__WHAT YOU ARE ASKED TO DO__: Lower down are entries containing pictures. Copy exactly, without those pictures, the lines from the line with "단, 차가운 배나 껍질째" through the line with "5月13日,位于禹州的中国钧".
━━━━━ ENTRIES PROVIDED
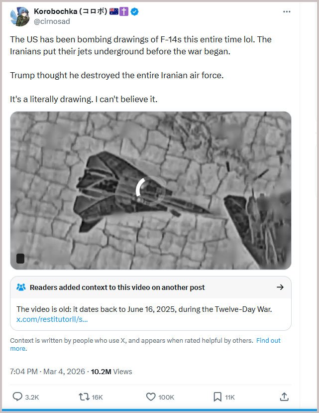 তবে বিষয়টিকে সন্দেহের চোখে রেখে ‘কোরোবোচকা’ (Korobochka) নামক একটি এক্স অ্যাকাউন্ট থেকে ১১ সেকেন্ডের একটি ক্লিপ শেয়ার করা হয়েছে। শেয়ার করা ভিডিওতে দেখা যাচ্ছে, একটি বিমানের নকশার মতো দেখতে কিছুর ওপর বোমা ফেলা হচ্ছে। পোস্টে দাবি করা হয়, ‘যুদ্ধ শুরু হওয়ার আগেই ইরানিরা তাদের যুদ্ধবিমানগুলো মাটির নিচে নিয়ে গেছে। ট্রাম্প ভেবেছিলেন তিনি পুরো ইরানি বিমানবাহিনী ধ্বংস করে দিয়েছেন, কিন্তু এটি স্রেফ একটি আঁকা ছবি। আমি বিশ্বাসই করতে পারছি না!’
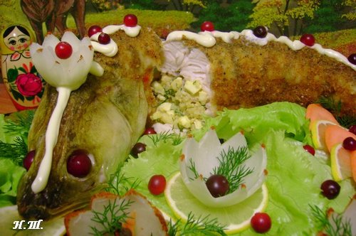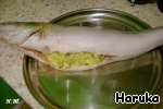 Примечание: при выпекании начиненной рыбы в форме начинка остается сочной и рассыпчатой. При выпекании на противне начинка менее сочная, напоминает суфле, так как во время приготовления вытекает сок.
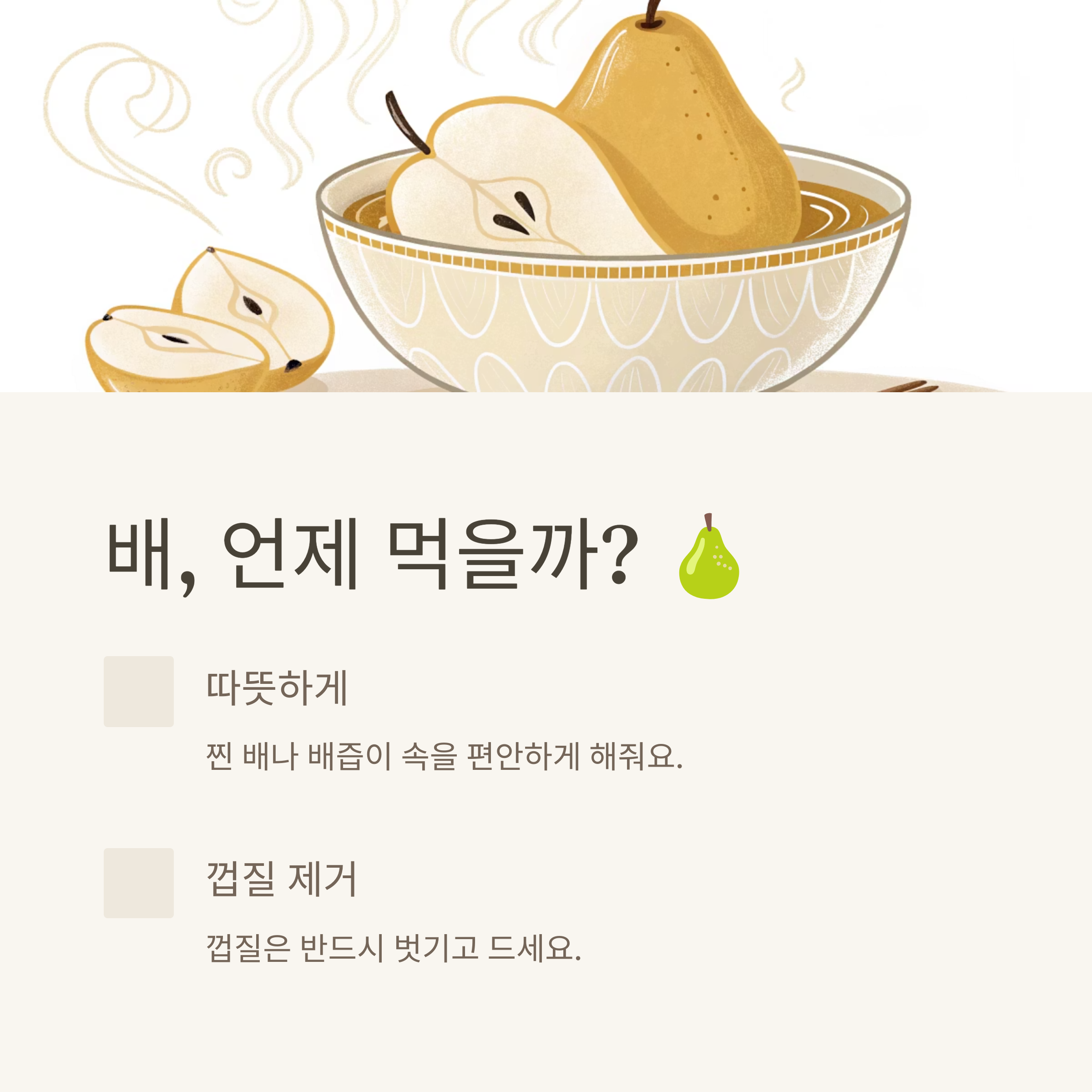 단, 차가운 배나 껍질째 먹는 것은 장염 증상을 악화시킬 수 있어요. 가능하면 껍질을 벗기고 데워서 먹는 것이 핵심이에요.
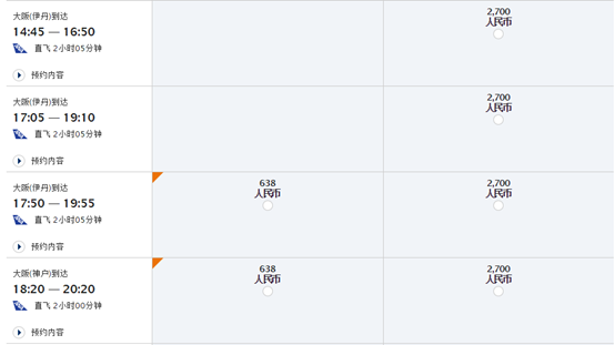 比如我出发前一周搜索我乘坐的ANA 14:45-16:50札幌-大阪这班,因为已经卖的差不多了,就没有优惠票了,原价要2700RMB。
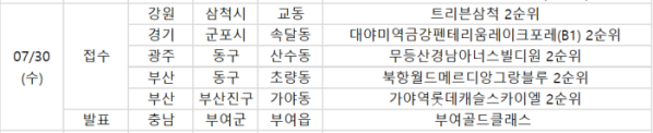 또 부산 부산진구 '가야역롯데캐슬스카이엘'와 부산 동구 '북항월드메르디앙그랑블루', 강원 삼척시 '트리븐삼척', 광주 동구 '무등산경남아너스빌디원'의 2순위 청약 접수도 이날 이뤄진다.
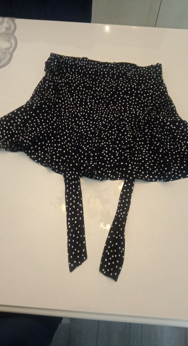 Siyah, beyaz puantiyeli, fırfırlı şortlu mini etek. Sentetik kumaştan, bohem ve retro tarzlar için uygun, günlük kullanıma uygun.
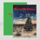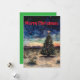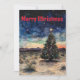 Um cartão de Natal de dois lados, com uma bela árvore de Natal no deserto. A frente diz: Feliz Natal. O verso diz: Do Sudoeste Americano!
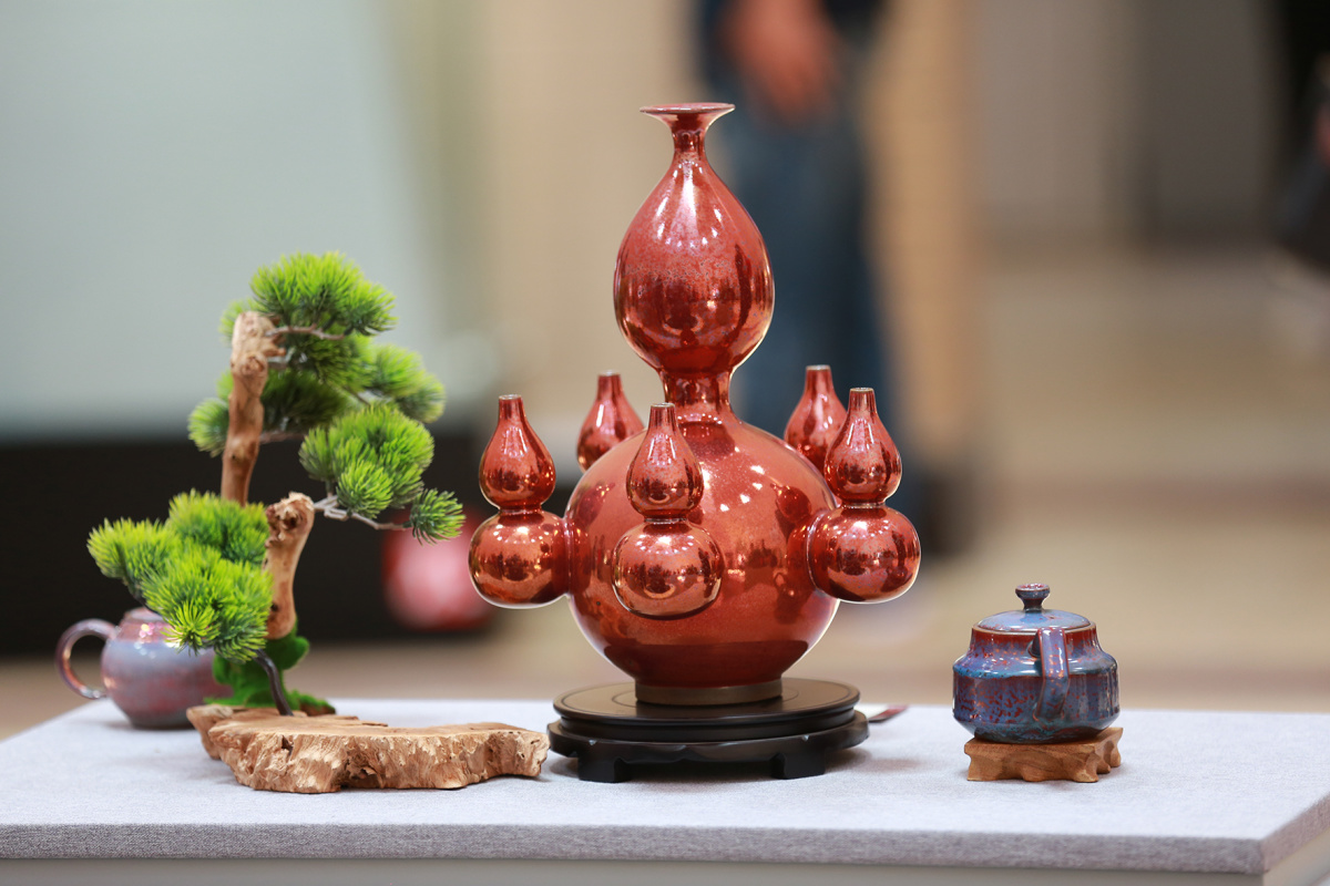 5月13日,位于禹州的中国钧瓷文化园展厅里人头攒动,观众们的目光集中在展厅中央的几件钧瓷作品上。这几件作品呈现罕见的金红色,在光照下闪耀着灿灿金光,引得观众们啧啧称奇、不停拍照。
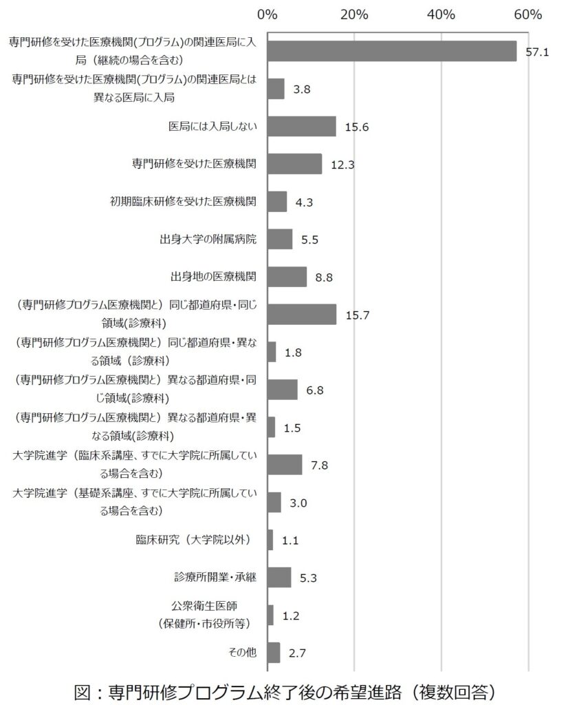 プログラム選択は将来のキャリアパスにも影響を与えます。このアンケート結果では専門研修修了後の希望進路として「専門研修を受けた医療機関の関連医局に入局(継続の場合を含む)」が57.1%と最も多く、研修を受けた医療機関でキャリアを継続することを希望する医師が多いことが分かります。
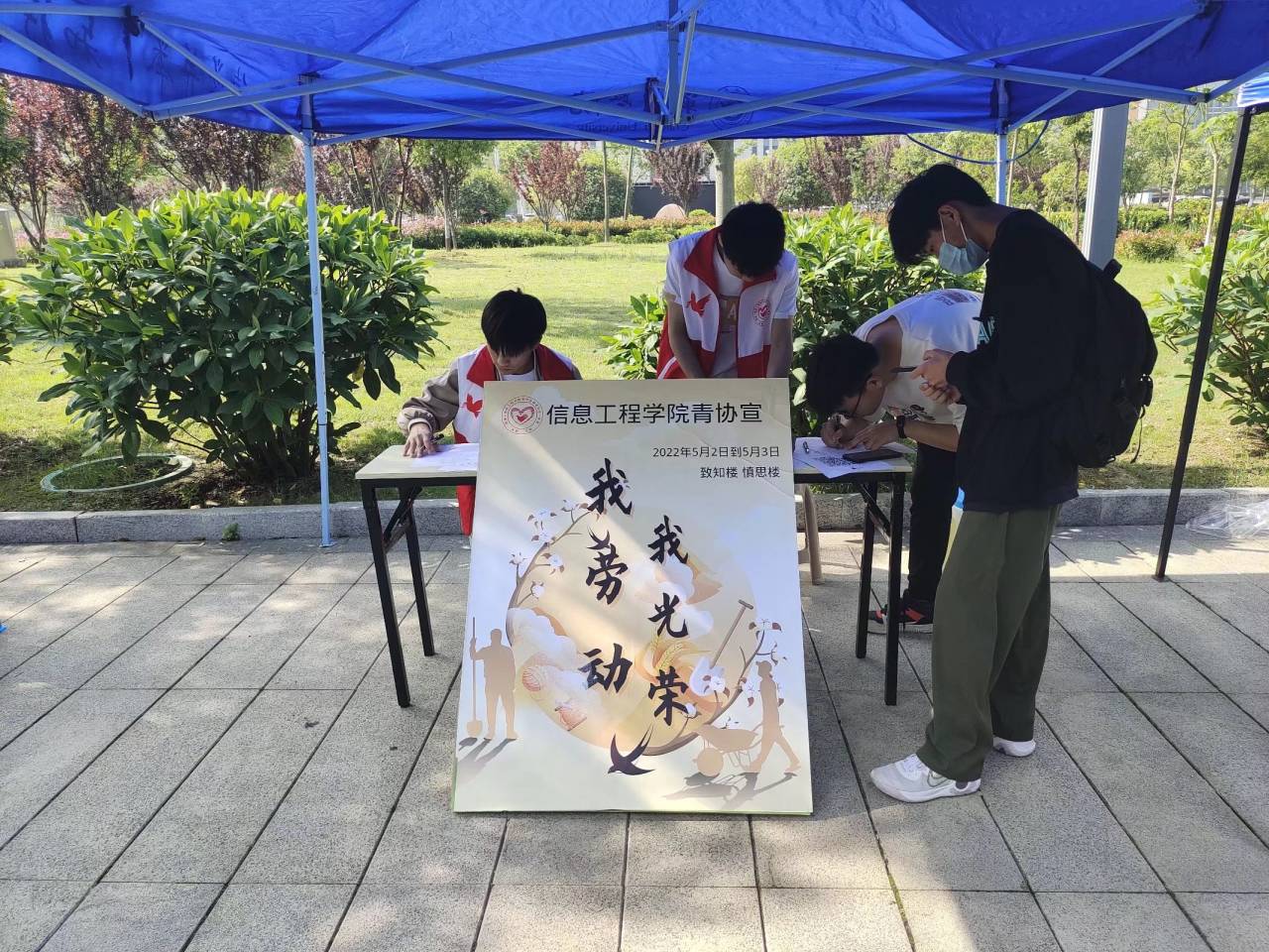 奮斗正青春,勞動(dòng)最光榮。為培養(yǎng)大學(xué)生正確的勞動(dòng)價(jià)值觀和良好的勞動(dòng)品質(zhì),讓廣大青年學(xué)子切切實(shí)實(shí)地領(lǐng)悟到最光榮、最崇高、最偉大、最美麗的勞動(dòng)價(jià)值,從而在勞動(dòng)中接受鍛煉,磨煉意志、強(qiáng)化責(zé)任擔(dān)當(dāng)。信息工程學(xué)院青協(xié)于5月2日上午在致知樓前開展“我勞動(dòng),我光榮”活動(dòng)。
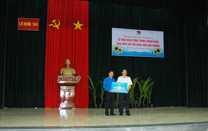 Lãnh đạo Tỉnh đoàn Bến Tre trao tượng trưng 1.000 cây dừa cho quân, dân huyện đảo Trường Sa Công trình t...
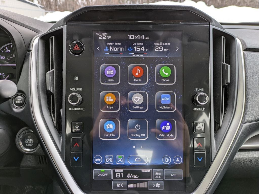 - Radio: Subaru STARLINK 11.6" Multimedia Plus Sys -inc: valet mode, AM/FM stereo, HD Radio, multi-touch gesture high resolution display screen, voice activated controls, Bluetooth audio streaming and hands-free phone connectivity, Bluetooth hands-free SMS text messaging connectivity, iPod control capability, rear-vision camera display, SiriusXM All Access radio (4 months free trial/subscription required after), SiriusXM Travel Link (4 months free trial/subscription required after), smartphone integration: Android Auto, Apple CarPlay, STARLINK cloud applications, 6 speakers, 3.5mm auxiliary input jack, illuminated/dual USB A and C input charge ports, roof mounted antenna and audio/satellite connected services
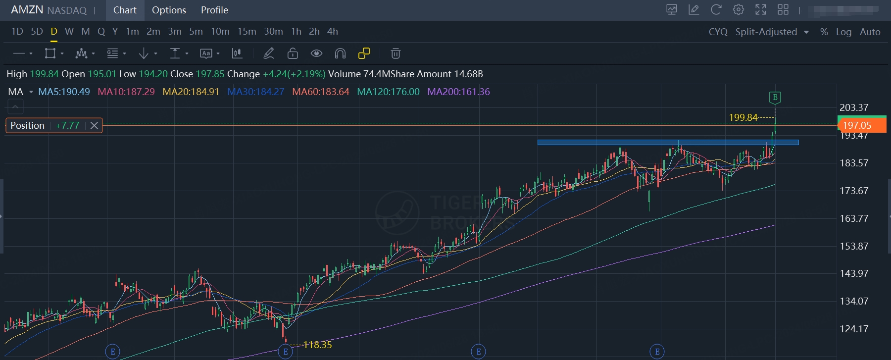 $Amazon.com(AMZN)$ rosed up by 2.19% show an 3-year rang break out.
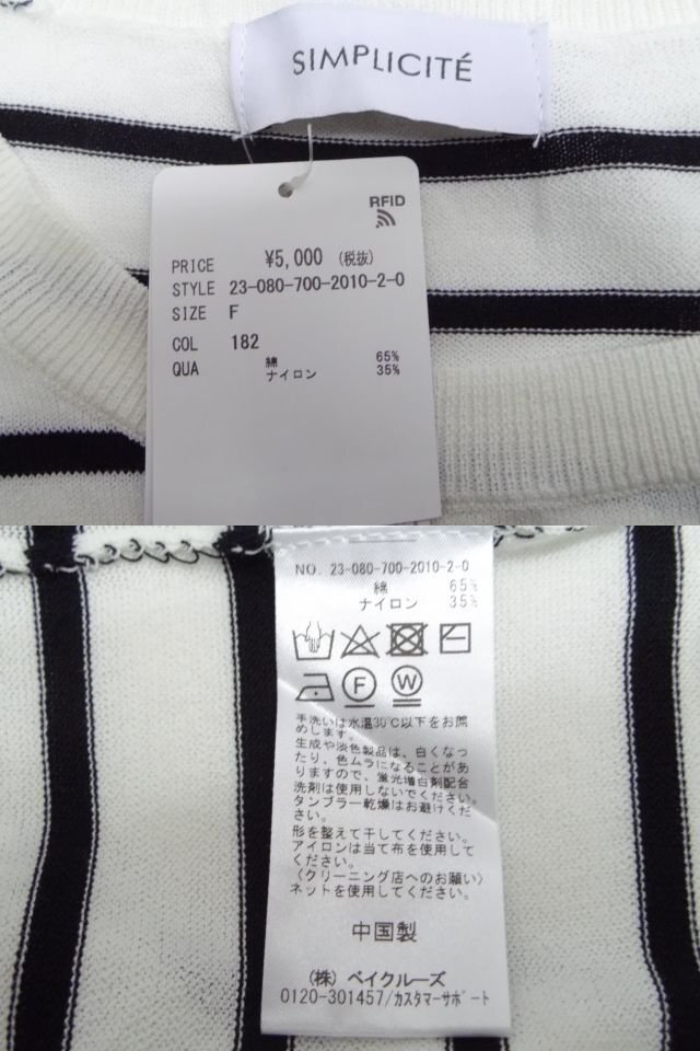 SIMPLICITE★サンプリシテ/ノースリーブニット/ボーダー柄/ホワイト/ブラック/定価¥5500/Fサイズ【新品】K250827TK-08
━━━━━━━━━━
__EXERCISE SOLUTION__:
 단, 차가운 배나 껍질째 먹는 것은 장염 증상을 악화시킬 수 있어요. 가능하면 껍질을 벗기고 데워서 먹는 것이 핵심이에요.
 比如我出发前一周搜索我乘坐的ANA 14:45-16:50札幌-大阪这班,因为已经卖的差不多了,就没有优惠票了,原价要2700RMB。
 또 부산 부산진구 '가야역롯데캐슬스카이엘'와 부산 동구 '북항월드메르디앙그랑블루', 강원 삼척시 '트리븐삼척', 광주 동구 '무등산경남아너스빌디원'의 2순위 청약 접수도 이날 이뤄진다.
 Siyah, beyaz puantiyeli, fırfırlı şortlu mini etek. Sentetik kumaştan, bohem ve retro tarzlar için uygun, günlük kullanıma uygun.
 Um cartão de Natal de dois lados, com uma bela árvore de Natal no deserto. A frente diz: Feliz Natal. O verso diz: Do Sudoeste Americano!
 5月13日,位于禹州的中国钧瓷文化园展厅里人头攒动,观众们的目光集中在展厅中央的几件钧瓷作品上。这几件作品呈现罕见的金红色,在光照下闪耀着灿灿金光,引得观众们啧啧称奇、不停拍照。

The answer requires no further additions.